Слуцкий был человеком сложным, противоречивым, однако его этика в вопросах творчества распространялась не только на поэтику, но и на жизненные принципы. Судя по всему, немногочисленные его романы до знакомства с женой были платоническими и неудачными[242]. По сути, с ней одной у него и существовали длительные отношения. В биографии Слуцкого не только отсутствует налет богемности, она отличается затворничеством.

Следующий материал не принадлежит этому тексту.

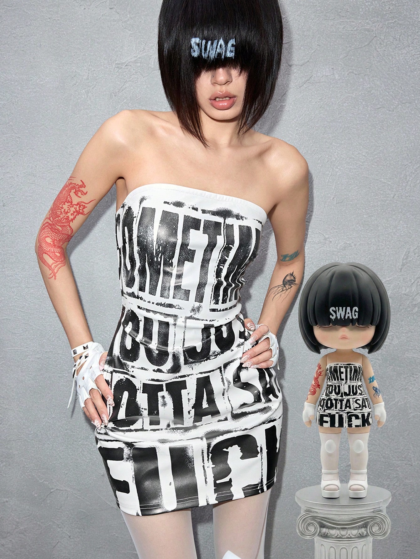 J-Fashion فستان ميني محكم مطبوع بشعار وعبارة الشارع من جلد البولي يوريثان بطراز دراجة نارية للنساء
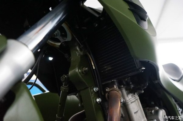 上圖是隱藏在油箱前部,兩側(cè)護(hù)板中央的散熱器。
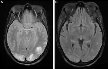 - ↑ Fugate, Jennifer E; Rabinstein, Alejandro A (September 2015). "Posterior reversible encephalopathy syndrome: clinical and radiological manifestations, pathophysiology, and outstanding questions". The Lancet Neurology. 14 (9): 914–925. doi:10.1016/S1474-4422(15)00111-8. PMID 26184985. S2CID 30727806.
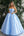 Vestido de bola de organza con volantes en azul cielo con hombros cruzados
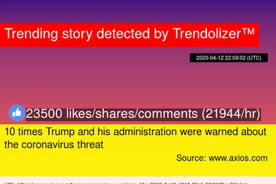 Why it matters: Reporting from Axios, the New York Times, Washington Post, AP and other media outlets has revealed that Trump and his administration were repeatedly warned about the threat that the virus could pose to American lives and the economy. Earlier action could have curbed the spread.
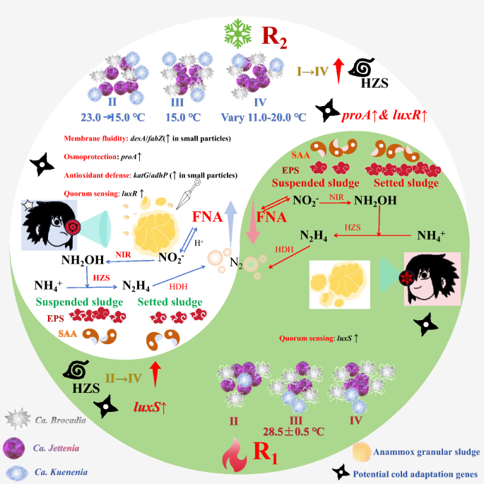 厌氧氨氧化(anammox)是一种可持续且能源效率高的废水处理技术,适用于高氨浓度和低碳氮比(C/N比)的废水。然而,其运行性能常受到低温的挑战,尤其是在实际应用中常见的温度波动条件下。了解anammox颗粒污泥对这种温度压力的适应机制对于该技术的稳定应用至关重要,特别是涉及污泥大小、微生物群落动态以及与氮去除和耐寒性相关的功能基因之间的相互作用。本研究通过观察两个不同温度条件下的anammox反应器(一个在高温28.3°C下运行,R1;另一个在波动的低温11–23°C下运行,R2)来阐明这些机制。结果表明,在低温下,游离亚硝酸盐(FNA)水平的升高(>0.5 μg L?1)与anammox活性受到抑制有很强的相关性;在15°C时,氮去除效率比高温反应器R1降低了16%。表观温度系数(Q10)介于0.90到1.27之间,表明细菌活性具有典型的温度依赖性。低温增加了胞外聚合物物质(EPS)的结构脆弱性,削弱了颗粒的强度,并使小颗粒(<0.25 mm)的比例相对于R1增加了32%,同时使生物量含量(挥发性悬浮固体(VSS)/悬浮固体(SS)降至27.9%。我们的研究发现,该系统并非简单地受到抑制,而是表现出复杂的适应反应:较大的颗粒(>2 mm)作为核心anammox细菌(尤其是Candidatus Jettenia caeni)的稳定储存库,确保了生物量的保留;而通过低温诱导碎裂产生的较小颗粒(<0.25 mm)则充当了先锋角色。这些小颗粒富含一系列适应低温的基因,使它们能够通过调节膜流动性、合成适应性溶质、增强抗氧化防御以及精细调节细胞间通信来直接应对低温压力,从而表现出更高的环境敏感性。
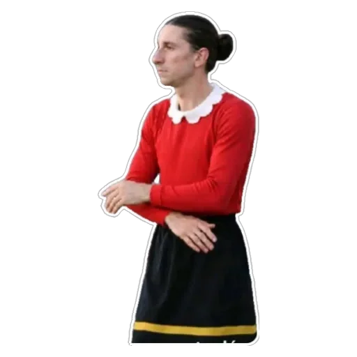 Uma mulher com o cabelo preso em um coque, vestindo um suéter vermelho com colarinho branco e uma saia preta com faixa amarela.
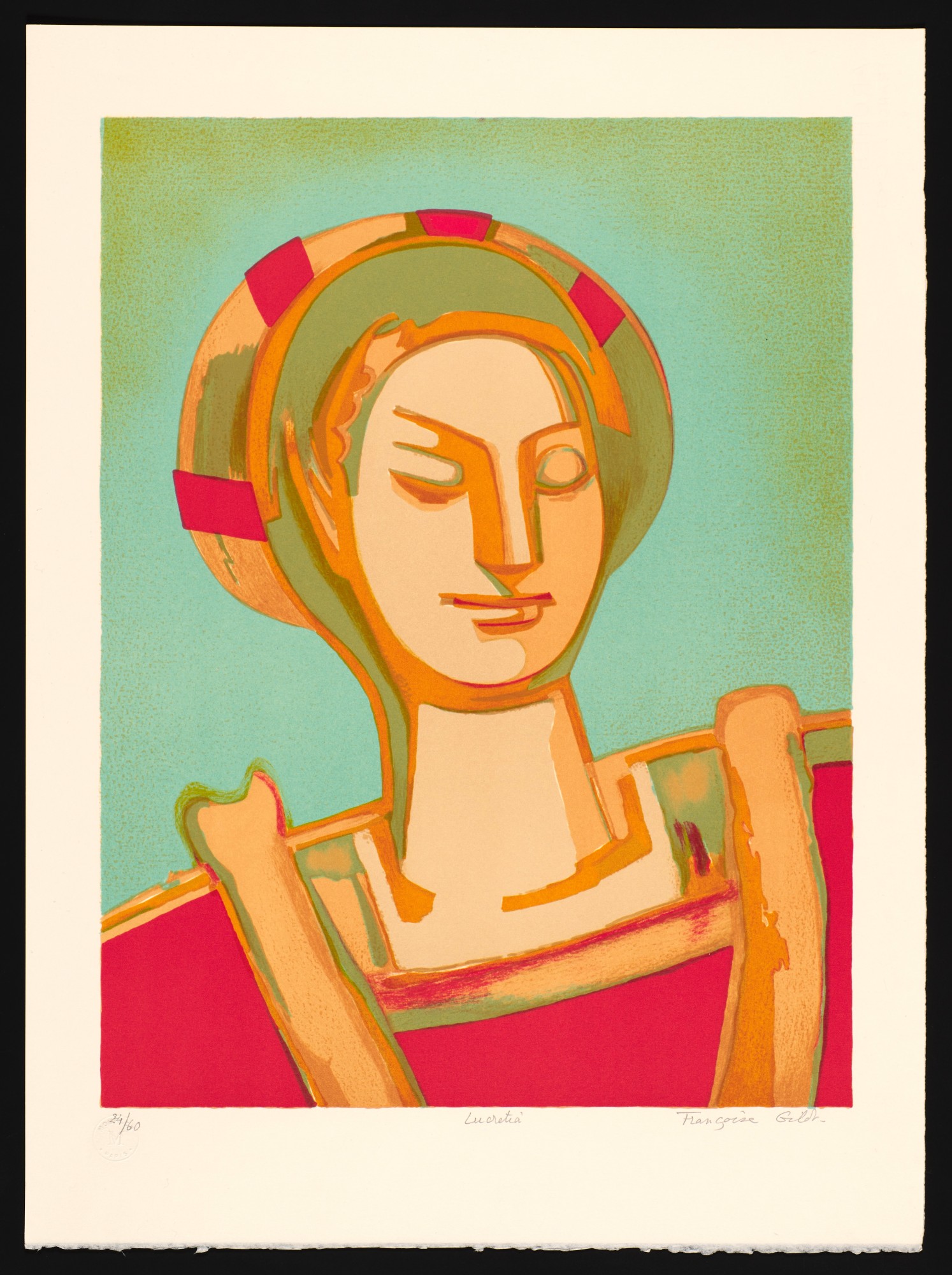 Portrait of Lucretia Printed in seven colors: light blue, flesh tone, bistre, gray, ochre, red, brown,
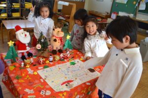 今日は子どもたちが待ちに待ったクリスマス会。「先生、サンタさんに手紙書いてきたよ。ポストに入れていい?」と年長さん。手紙を見せてもらうと、『おもちゃはLaQをたくさんください。』と書いてありました。プレゼント、届くといいですね。
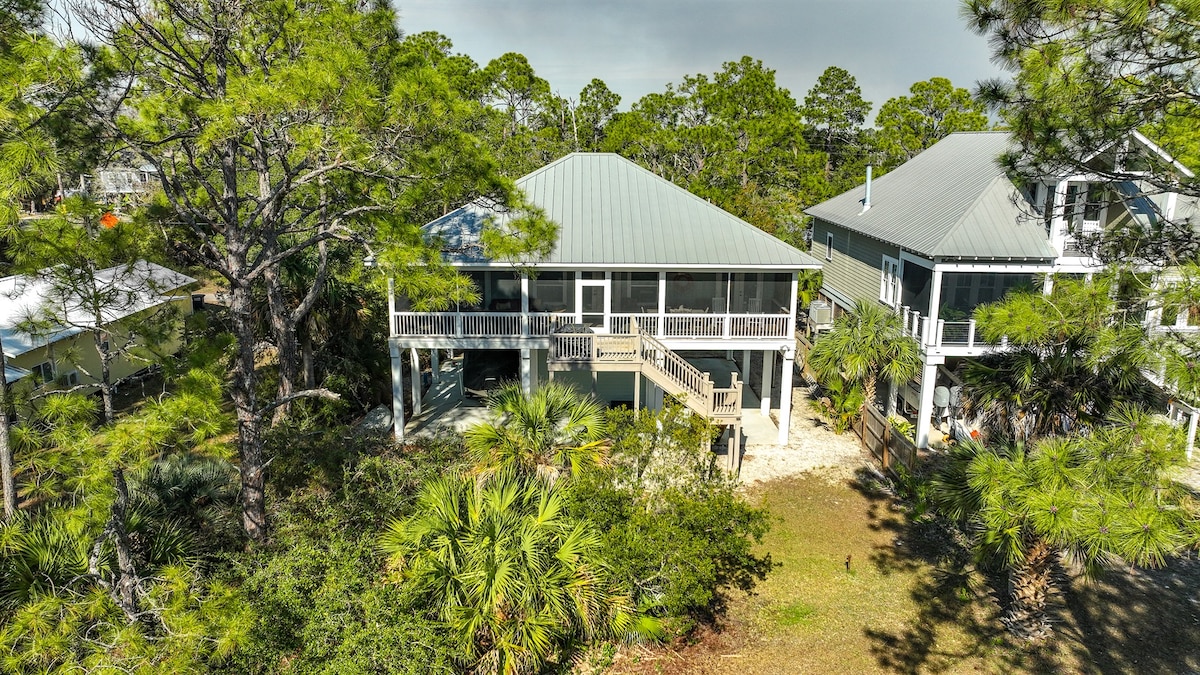 La plage de St Teresa est un petit paradis méconnu sur la Côte Oubliée. La détente et le calme vous attendent. Cette authentique maison de plage de la « vieille Floride » est divisée en 3 maisons de ville, chacune avec un grand porche privé et une plage partagée. Ce joyau caché se trouve à quelques kilomètres des villes historiques de Carrabelle et d'Apalachicola. Il y a tout ce dont vous avez besoin pour une escapade relaxante. Idéale pour les familles, les artistes, les écrivains, les amateurs de bateau/pêche, les kayakistes, les amateurs d'histoire, les photographes. Animaux bienvenus, veuillez contacter l'hôte.

Самойлов цепляется за отчужденность своего «друга», подавая ее как проявление снобизма и позерство и трансформируя собственную богемность в философию самодостаточного одиночки.
_____
Самойлов преобразовывает личную антипатию в рассуждения по поводу литературной истории своего поколения. Он подчеркивает ведущую роль Слуцкого в их довоенном поэтическом кружке [Самойлов 2000b: 152]. Это позволяет ему прийти к выводу, что вина за распад кружка после войны лежит прежде всего на Слуцком: вместо того чтобы и дальше идти по пути создания общей поэтики и программы, Слуцкий выбрал собственную дорогу. Самойлов изображает Слуцкого человеком, цепляющимся за их общую довоенную идеологию («искренний марксизм») с ее попытками реформировать идеологическую ригидность литературного процесса изнутри. Слуцкого он называет носителем «довоенного вселенского утопизма» [Самойлов 2000b: 155], безоглядным последователем Маяковского с его утопическим мышлением. Даже самый поверхностный взгляд на окружение Слуцкого и на его послевоенные стихи показывает иллюзорность этого утверждения. Привязанности Слуцкого оставались неизменными: превыше всех был для него Михаил Кульчицкий. После гибели Кульчицкого на фронте сама мысль о создании какого бы то ни было поэтического кружка казалась ему бессмысленной. Более того, «Стихи о евреях и татарах» однозначно демонстрируют, что его взгляды всегда радикально отличались от взглядов его друзей, особенно Самойлова – это будет видно из анализа отношения последнего к еврейству.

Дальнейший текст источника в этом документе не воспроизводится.